Strategy

EXCLUSIVE INTERVIEW: Talking To RayLign’s Greg Rogers

Joe Reilly October 31, 2016

EXCLUSIVE INTERVIEW: Talking To RayLign’s Greg Rogers

Family Wealth Report recently talked to Greg Rogers, a prominent figure in the industry, about the challenges of finding great advisors, understanding how to manage a legacy and the achievements of a business luminary who recently passed away.

This month, family office consultant Joe Reilly interviews Greg Rogers, founder and managing partner of RayLign Advisory, about finding good advisors, having empathy and the legacy of the late Scott Budge. (To some of Joe’s interviews for FWR, click here and here and here for examples.)

What are some of the changes you have seen in the UHNW industry over your career?
Greg Rogers:  When I founded RayLign in 2005, the goal was to change the dialogue for families from focusing on the financial speedometer to a more explicit emphasis on long-term well being of the family that considers utilizing the family resources toward human development. We were early in this observation and business focus.  However, there is now increasing recognition that sustainability of family wealth and well being relates to the preparedness of each ensuing generation and each individual. Part of this change relates to the tremendous opportunity for experience sharing and cross-generational learning given that it is now common for three and four generations within a family to be living at once.
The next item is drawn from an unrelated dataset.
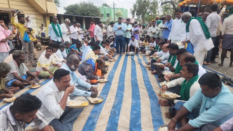 ಇಂದು ಎಂಟನೇ ದಿನವಾದ ಶನಿವಾರ ಪಟ್ಟಣದ ಹಳ್ಳದಕೇರಿ ಓಣಿಯ ರೈತರು, ರೈತರಿಗಾಗಿ ಮೊಸರಣ್ಣ, ರೊಟ್ಟಿ, ಶೇಂಗಾ ಚಟ್ನಿ, ಬದನೆಕಾಯಿ ಪಲ್ಲೆ ಮತ್ತು ಪುಂಡಿ ಪಲ್ಲೆ ವ್ಯವಸ್ಥೆ ಮಾಡಿದ್ದರು, ರೈತರು ಪಾಲಾ-ಬಾದಾಮಿ ರಾಜ್ಯ ಹೆದ್ದಾರಿಯಲ್ಲಿ ಕುಳಿತು ಊಟ ಮಾಡುತ್ತಿರುವ ದೃಶ್ಯ ರೈತರು ತಮ್ಮ ಜಮಿನುಗಳಲ್ಲಿ ರೊಟ್ಟಿ ಗಂಟು ಕಟ್ಟಿಕೊಟ್ಟು ಊಟ ಮಾಡಿದ ಅನುಭವ ಎಲ್ಲರ ದೃಷ್ಠಿ ನೆಟ್ಟುವಂತಿದ್ದು.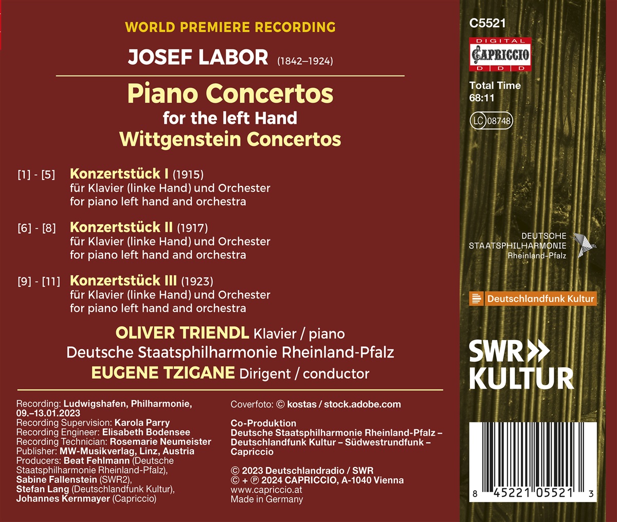 Neben den bereits bekannten Klavierkonzerten für die linke Hand und Orchester von Korngold, Ravel oder Prokofieff, war es vor allem der Wiener Komponist Josef Labor, dessen erstes Konzertstück von 1915 den Beginn dieses erstaunlichen Genres einläutete. Paul Wittgenstein, der im Krieg seinen rechten Arm verlor aber dennoch gewillt war seine pianistische Karriere fortzusetzen, beauftragte noch in Kriegsgefangenschaft Josef Labor ein entsprechendes Werk zu schreiben. Labors Musik ist technisch brillant komponiert, dabei stets klangsinnlich und melodisch und offenbar genau nach Wittgensteins Gusto. So schrieb Josef Labor insgesamt 10 Werke für den Linkspianisten Wittgenstein, von denen die drei „Konzertstücke“ nun in Weltersteinspielungen vorliegen.

The pressures on wealth manager’s margins are increasing. Are there ways to become efficient without sacrificing service or losing clients?
Greg Rogers: No doubt wealth advisors are facing increasing margin pressure, arising from five organizational demands: 1) business management to oversee a competitive environment, growing organizations, technological efficiencies and service quality, 2) the arms race to cover a global investment opportunity set that is increasingly being driven to consider ever more creative ways to solve low return and high risk environments, 3) acquisition and retention of high quality client engagement professionals who exhibit both technical understanding and strong “bedside manner” (emotional intelligence) to support an expanding scope of services, 4) technological investment for efficiencies in business development, service delivery, and the client experience, and 5) a fiercely competitive environment that demands clarity of business model, values, service competencies, and fees.  We find that the primary way to enhance efficiency while maintaining high quality service is to be laser-focused on the target client you are trying to serve. This requires being honest about one’s core competencies, and partnering well with third parties to access and integrate other required capabilities. 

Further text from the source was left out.